• What is needed: From the data that follows, set down exactly the lines from the one with "Großschönbrunn-Seugast. Ehrungen und" through the one with "Trendy colour of", counting both. Pictures stay out.

★ ★ ★

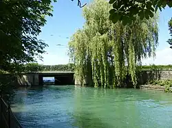 Einige hundert Meter östlich existiert schon seit dem 13. Jahrhundert die Landtorbrücke für den Straßenverkehr. Beide Übergänge zusammen trennen den so genannten Kleinen See vom übrigen Bodensee ab. Zwei Durchlässe (Brücken) ermöglichen es kleineren Booten, den Damm auf dem Weg von und zum Yachthafen zu passieren; sie verhindern zudem die Verlandung des Kleinen Sees.[1]
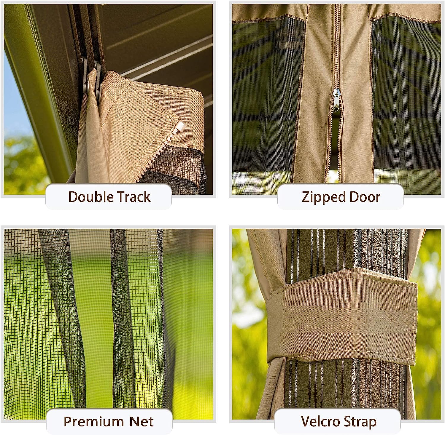 • 🌞【INCLUDE BUGS NETTING & PRIVACY CURTAINS】The hardtop gazebo designed with double-track system and double-sided zipper for quick sliding.The bugs netting maintain good ventilation and open view and the privacy curtains provide a safe and comfortable space for your family and children,it can also keeps the space warm.
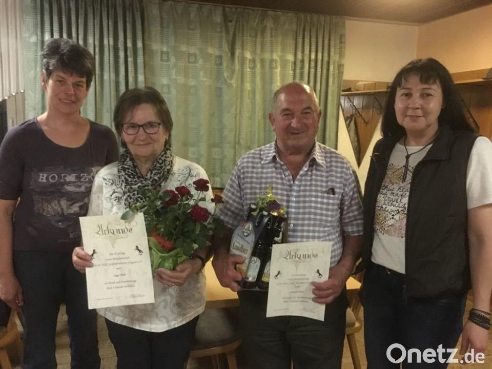 Großschönbrunn-Seugast. Ehrungen und Rückblicke standen bei der Jahreshauptversammlung der Reitsportgemeinschaft im Gasthof Goldener Anker in Kaltenbrunn auf der Tagesordnung. Vorsitzende Christa Bauer ließ die Aktivitäten Revue passieren. So erwähnte sie die Teilnahme am Pfingstritt in Kemnath am Buchberg, das Ponyfest und den alljährlichen Tagesritt nach Ödputzberg mit Grillabend. Es folgte der Kassenbericht vom Kassier Christian Schwirzer. Der Revisor bestätigte eine hervorragende Kassenführung. Weiterer Tagesordnungspunkt war die Ehrung für 25-jährige Mitgliedschaft im Verein. Für ihre langjährige Treue wurden Inge und Ottmar Iberl geehrt. Bauer erinnerte an die aktive Zeit der Jubilare und übergab jeweils eine Urkunde und ein kleines Geschenk.
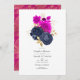 Trendy colour of the year 2023 viva magenta floral couples shower invitation with accents of navy blue.
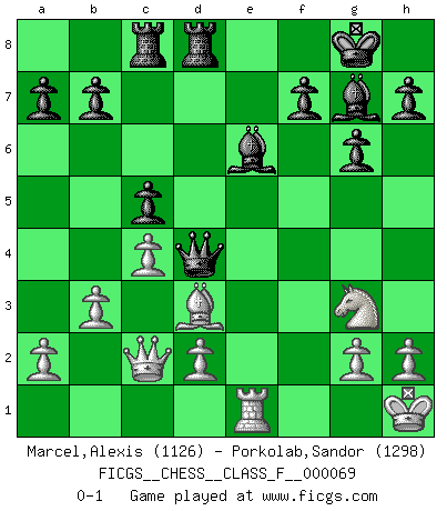 Last move : 0-1 2009 January 3 19:51:33 [Event "FICGS__CHESS__CLASS_F__000069"] [Site "FICGS"] [Date "2008.11.22"] [Round "1"] [White "Marcel,Alexis"] [Black "Porkolab,Sandor"] [Result "0-1"] [WhiteElo "1126"] [BlackElo "1298"] 1.f4 d5 2.Nf3 c5 3.e3 Nc6 4.Be2 g6 5.O-O Bg7 6.c3 Nh6 7.b3 O-O 8.Bb2 Nf5 9.Qc2 e5 10.fxe5 Nxe5 11.Nxe5 Bxe5 12.c4 d4 13.exd4 Nxd4 14.Bxd4 Bxd4+ 15.Kh1 Bxa1 16.Bd3 Bg7 17.Nc3 Be6 18.Ne4 Rc8 19.Re1 Qd4 20.Ng3 Rfd8 0-1 Bird's Opening Kingside Castling by player White (move 5) Kingside Castling by player Black (move 7) Player Black won this chess game. Follow this game move after move (download)Chess is a terrific way for kids to build self image and self esteem. (Saudin Robovic) Wir können eben der zündenden Macht des Opfers nicht wiederstehen, denn die Begeisterung für das Opfer liegt in der Natur des Menschen. (Rudolf Spielmann) Realmente no sabemos como el juego fue inventado, aunque hay sospechas. Tan pronto como descubramos a los culpables, se los haremos saber. (Bruce Pandolfini) Les écrivains ont utilisé les échecs pour analyser les côtés extrêmes de la nature humaine. Dans ce cadre, les échecs offrent un champ d'expérimentation idéal. Mais on pourrait faire la même chose avec la peinture. Et là, en vous référant à Van Gogh, vous ne tirerez pas de conclusion définitive sur les peintres. (Gary Kasparov) Life is like a ten-speed bicycle: most of us have gears we never use. (Charles M. Schulz)
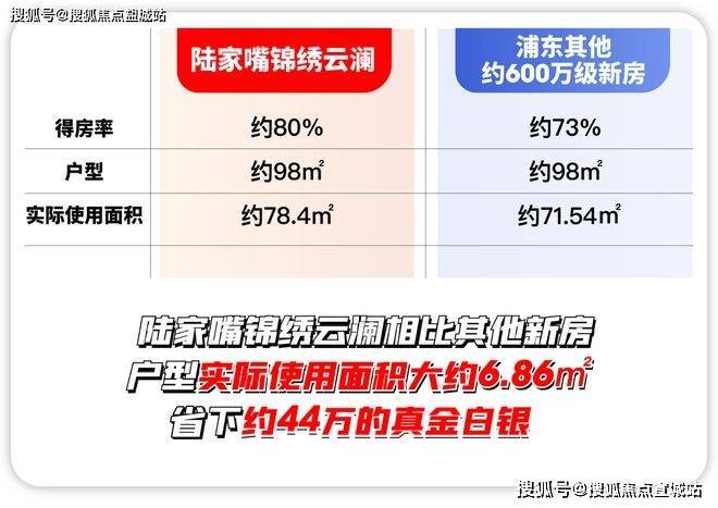 也就是说,陆家嘴锦绣云澜室内的各个空间,其实都要比同级别新房更大。这多出来了约6.86㎡房源,直接为业主省下了约44万的真金白银。
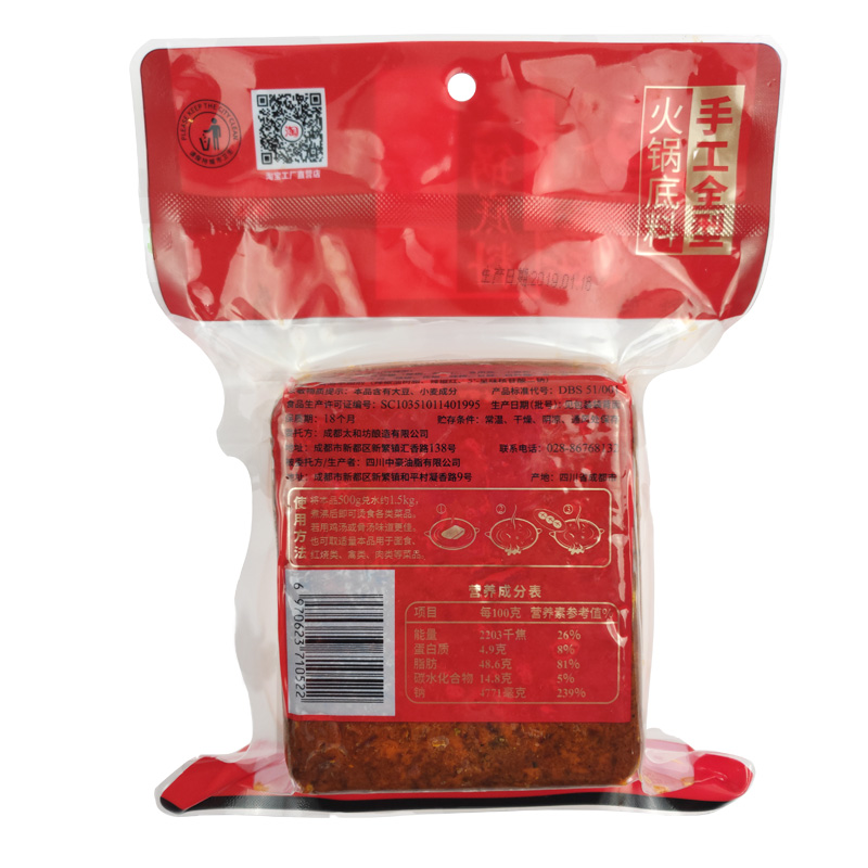 Sichuan Tenute Shu Fragrant Ox Oil Hot Pot Soup Base Special Hot 500g Sichuan Spicy Hot and Hot Hot Pot string Strings Bottom Stock

★ ★ ★

• Output of the task:
 Großschönbrunn-Seugast. Ehrungen und Rückblicke standen bei der Jahreshauptversammlung der Reitsportgemeinschaft im Gasthof Goldener Anker in Kaltenbrunn auf der Tagesordnung. Vorsitzende Christa Bauer ließ die Aktivitäten Revue passieren. So erwähnte sie die Teilnahme am Pfingstritt in Kemnath am Buchberg, das Ponyfest und den alljährlichen Tagesritt nach Ödputzberg mit Grillabend. Es folgte der Kassenbericht vom Kassier Christian Schwirzer. Der Revisor bestätigte eine hervorragende Kassenführung. Weiterer Tagesordnungspunkt war die Ehrung für 25-jährige Mitgliedschaft im Verein. Für ihre langjährige Treue wurden Inge und Ottmar Iberl geehrt. Bauer erinnerte an die aktive Zeit der Jubilare und übergab jeweils eine Urkunde und ein kleines Geschenk.
 Trendy colour of the year 2023 viva magenta floral couples shower invitation with accents of navy blue.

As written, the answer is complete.